**Exercise details**
Pictures stay out; please output the remaining data exactly.

**Provided data**

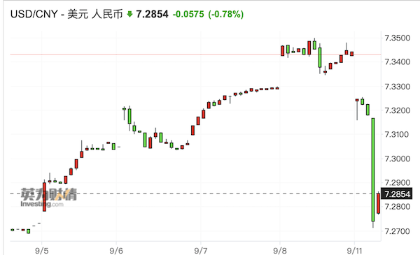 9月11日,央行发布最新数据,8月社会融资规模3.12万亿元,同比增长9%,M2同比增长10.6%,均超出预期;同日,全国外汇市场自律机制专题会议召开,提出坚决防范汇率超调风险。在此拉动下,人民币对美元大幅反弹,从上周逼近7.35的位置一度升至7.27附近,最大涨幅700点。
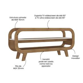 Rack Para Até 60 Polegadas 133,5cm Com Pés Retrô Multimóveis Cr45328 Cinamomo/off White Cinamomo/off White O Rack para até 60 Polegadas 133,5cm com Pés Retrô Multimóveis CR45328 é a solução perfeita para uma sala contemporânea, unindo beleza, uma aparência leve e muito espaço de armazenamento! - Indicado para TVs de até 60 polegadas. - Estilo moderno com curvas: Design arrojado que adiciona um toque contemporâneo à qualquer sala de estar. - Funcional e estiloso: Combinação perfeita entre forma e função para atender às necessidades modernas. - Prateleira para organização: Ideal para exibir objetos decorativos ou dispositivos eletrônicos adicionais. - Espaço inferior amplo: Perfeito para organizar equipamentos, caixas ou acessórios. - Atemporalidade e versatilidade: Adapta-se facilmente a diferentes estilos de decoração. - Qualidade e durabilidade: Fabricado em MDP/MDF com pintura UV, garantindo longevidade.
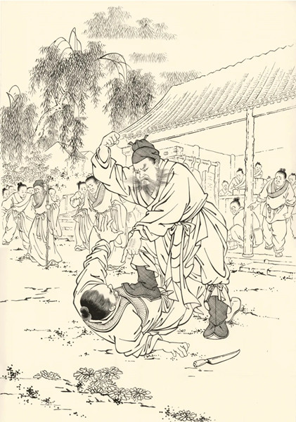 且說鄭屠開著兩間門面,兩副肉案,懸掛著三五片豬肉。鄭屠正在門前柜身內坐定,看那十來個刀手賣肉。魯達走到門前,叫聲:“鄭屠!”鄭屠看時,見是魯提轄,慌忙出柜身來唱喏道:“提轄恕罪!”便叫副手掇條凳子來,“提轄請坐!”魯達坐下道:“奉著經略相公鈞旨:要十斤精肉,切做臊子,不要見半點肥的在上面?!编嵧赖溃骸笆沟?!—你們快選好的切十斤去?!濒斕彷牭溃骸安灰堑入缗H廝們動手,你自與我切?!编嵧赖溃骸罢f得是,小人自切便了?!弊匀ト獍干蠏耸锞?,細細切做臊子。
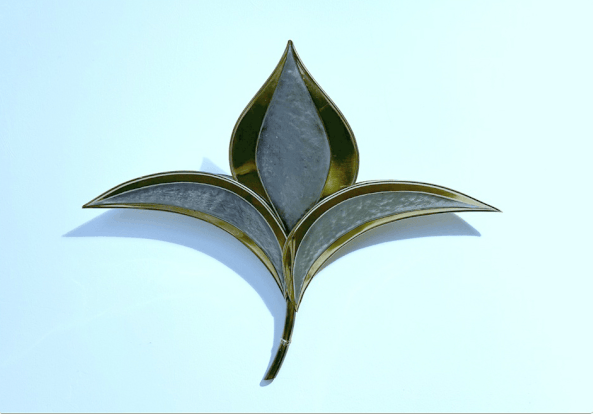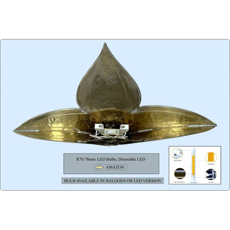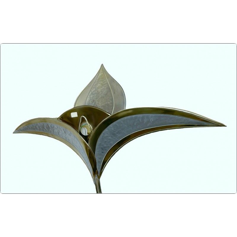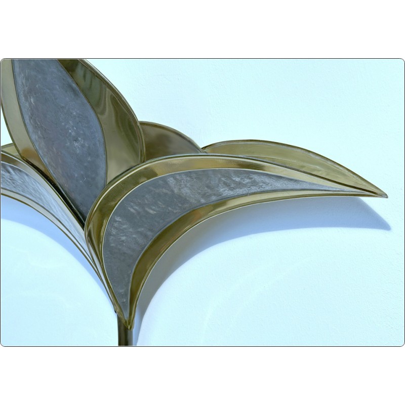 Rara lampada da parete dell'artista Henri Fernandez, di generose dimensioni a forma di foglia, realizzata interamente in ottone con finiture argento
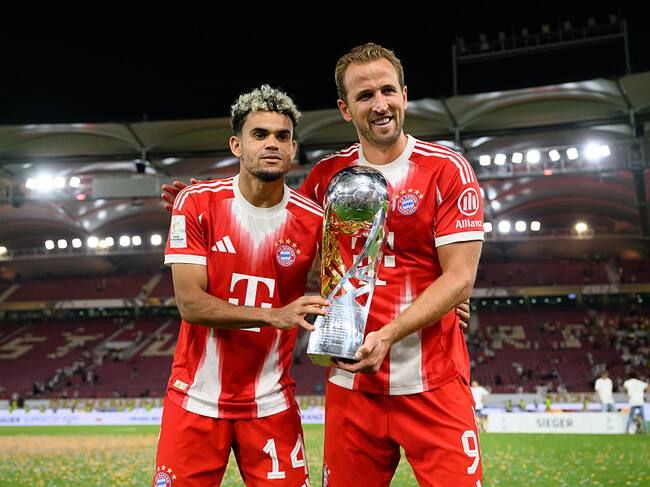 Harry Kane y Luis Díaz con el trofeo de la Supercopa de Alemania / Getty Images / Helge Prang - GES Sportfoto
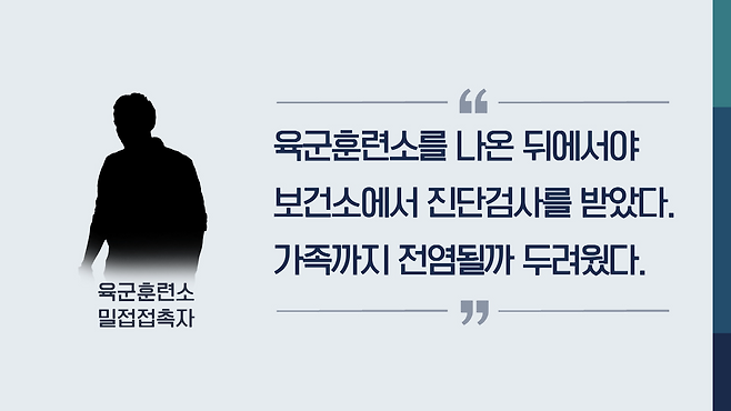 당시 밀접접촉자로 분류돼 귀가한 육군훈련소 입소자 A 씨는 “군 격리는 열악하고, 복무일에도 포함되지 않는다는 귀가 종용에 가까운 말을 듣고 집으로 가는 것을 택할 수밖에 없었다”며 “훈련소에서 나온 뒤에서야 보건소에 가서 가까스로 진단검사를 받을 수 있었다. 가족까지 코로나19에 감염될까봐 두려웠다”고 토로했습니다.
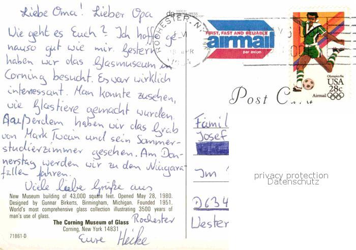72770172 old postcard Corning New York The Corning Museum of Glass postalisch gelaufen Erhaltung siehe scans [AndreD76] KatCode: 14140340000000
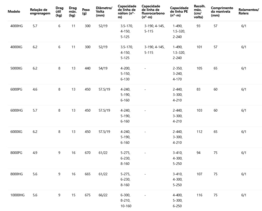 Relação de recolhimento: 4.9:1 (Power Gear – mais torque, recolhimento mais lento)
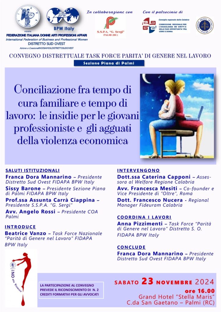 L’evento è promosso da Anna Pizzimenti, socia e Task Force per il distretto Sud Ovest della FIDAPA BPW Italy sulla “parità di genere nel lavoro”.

**Exercise response**
 9月11日,央行发布最新数据,8月社会融资规模3.12万亿元,同比增长9%,M2同比增长10.6%,均超出预期;同日,全国外汇市场自律机制专题会议召开,提出坚决防范汇率超调风险。在此拉动下,人民币对美元大幅反弹,从上周逼近7.35的位置一度升至7.27附近,最大涨幅700点。
 Rack Para Até 60 Polegadas 133,5cm Com Pés Retrô Multimóveis Cr45328 Cinamomo/off White Cinamomo/off White O Rack para até 60 Polegadas 133,5cm com Pés Retrô Multimóveis CR45328 é a solução perfeita para uma sala contemporânea, unindo beleza, uma aparência leve e muito espaço de armazenamento! - Indicado para TVs de até 60 polegadas. - Estilo moderno com curvas: Design arrojado que adiciona um toque contemporâneo à qualquer sala de estar. - Funcional e estiloso: Combinação perfeita entre forma e função para atender às necessidades modernas. - Prateleira para organização: Ideal para exibir objetos decorativos ou dispositivos eletrônicos adicionais. - Espaço inferior amplo: Perfeito para organizar equipamentos, caixas ou acessórios. - Atemporalidade e versatilidade: Adapta-se facilmente a diferentes estilos de decoração. - Qualidade e durabilidade: Fabricado em MDP/MDF com pintura UV, garantindo longevidade.
 且說鄭屠開著兩間門面,兩副肉案,懸掛著三五片豬肉。鄭屠正在門前柜身內坐定,看那十來個刀手賣肉。魯達走到門前,叫聲:“鄭屠!”鄭屠看時,見是魯提轄,慌忙出柜身來唱喏道:“提轄恕罪!”便叫副手掇條凳子來,“提轄請坐!”魯達坐下道:“奉著經略相公鈞旨:要十斤精肉,切做臊子,不要見半點肥的在上面?!编嵧赖溃骸笆沟?!—你們快選好的切十斤去?!濒斕彷牭溃骸安灰堑入缗H廝們動手,你自與我切?!编嵧赖溃骸罢f得是,小人自切便了?!弊匀ト獍干蠏耸锞?,細細切做臊子。
 Rara lampada da parete dell'artista Henri Fernandez, di generose dimensioni a forma di foglia, realizzata interamente in ottone con finiture argento
 Harry Kane y Luis Díaz con el trofeo de la Supercopa de Alemania / Getty Images / Helge Prang - GES Sportfoto
 당시 밀접접촉자로 분류돼 귀가한 육군훈련소 입소자 A 씨는 “군 격리는 열악하고, 복무일에도 포함되지 않는다는 귀가 종용에 가까운 말을 듣고 집으로 가는 것을 택할 수밖에 없었다”며 “훈련소에서 나온 뒤에서야 보건소에 가서 가까스로 진단검사를 받을 수 있었다. 가족까지 코로나19에 감염될까봐 두려웠다”고 토로했습니다.
72770172 old postcard Corning New York The Corning Museum of Glass postalisch gelaufen Erhaltung siehe scans [AndreD76] KatCode: 14140340000000
 Relação de recolhimento: 4.9:1 (Power Gear – mais torque, recolhimento mais lento)
 L’evento è promosso da Anna Pizzimenti, socia e Task Force per il distretto Sud Ovest della FIDAPA BPW Italy sulla “parità di genere nel lavoro”.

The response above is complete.